Hi, On Wed, Nov 19, 2025 at 09:19:35AM -0500, Jon Chiappetta via Openvpn-devel wrote: > This is something I noticed recently with potential connection > interruptions which could occur which the original older code checked for! > > https://github.com/OpenVPN/openvpn/pull/910
Yeah, but, no.
Since our code is single-threaded, there is no time frame between
"unlearn" and "relearn" where a packet could come in and be dropped, due
to "address not known".
So yes, on a PUSH_UPDATE with "the same ifconfig again", we do more work
than we would have to do, but it has no adverse effects - and if you are
worried about that, then do not send PUSH_UPDATE with unchanged configs
(given that the client would do a full tun restart on receiving PUSH_UPDATE,
this has way more impact than on the server).

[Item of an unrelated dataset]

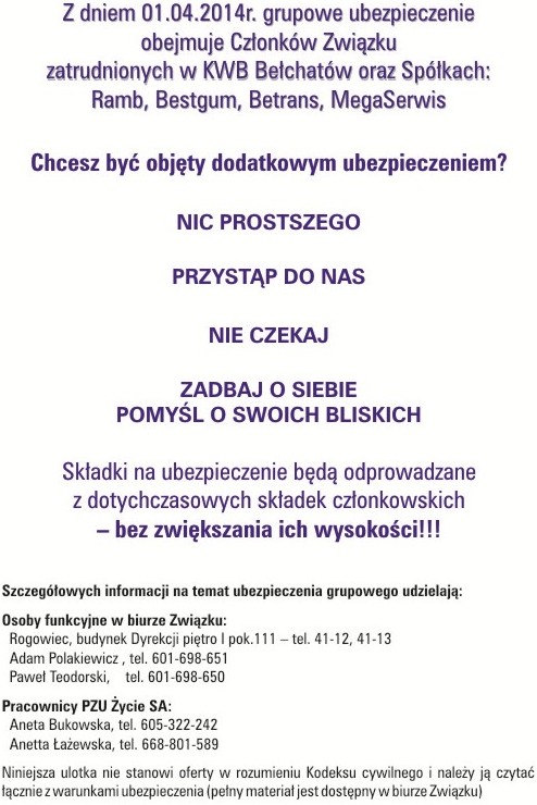 XXV Walne Zebranie Delegatów ZZPRC KWB Bełchatów zaakceptowało wprowadzenie od kwietnia 2014r. dodatkowego Grupowego ubezpieczenia w PZU Życie SA dla Członków ZZPRC KWB Bełchatów. Polisa obejmuje wiele aspektów życia codziennego i zapewnia wsparcie finansowe w wypadku określonych zdarzeń losowych. Ubezpieczenie podnosi ekonomiczną atrakcyjność dla Członków Związku, jak i ofertę dla tych pracowników, którzy będą chcieli do Nas przystąpić.

> There was an update pushed earlier this year which undid some important
> logic in terms of learning/unlearning the ifconfig IP address. The older
> original code would check that the new/old IPs don't match first before
> performing that logic. I believe this was important and correct because it
> could cause connection interruptions during the learn/unlearn process if
> the IP address has stayed the same!
The older code did not do proper unlearning at all, so was obviously not
correct.
gert
--
"If was one thing all people took for granted, was conviction that if you
feed honest figures into a computer, honest figures come out. Never doubted
it myself till I met a computer with a sense of humor."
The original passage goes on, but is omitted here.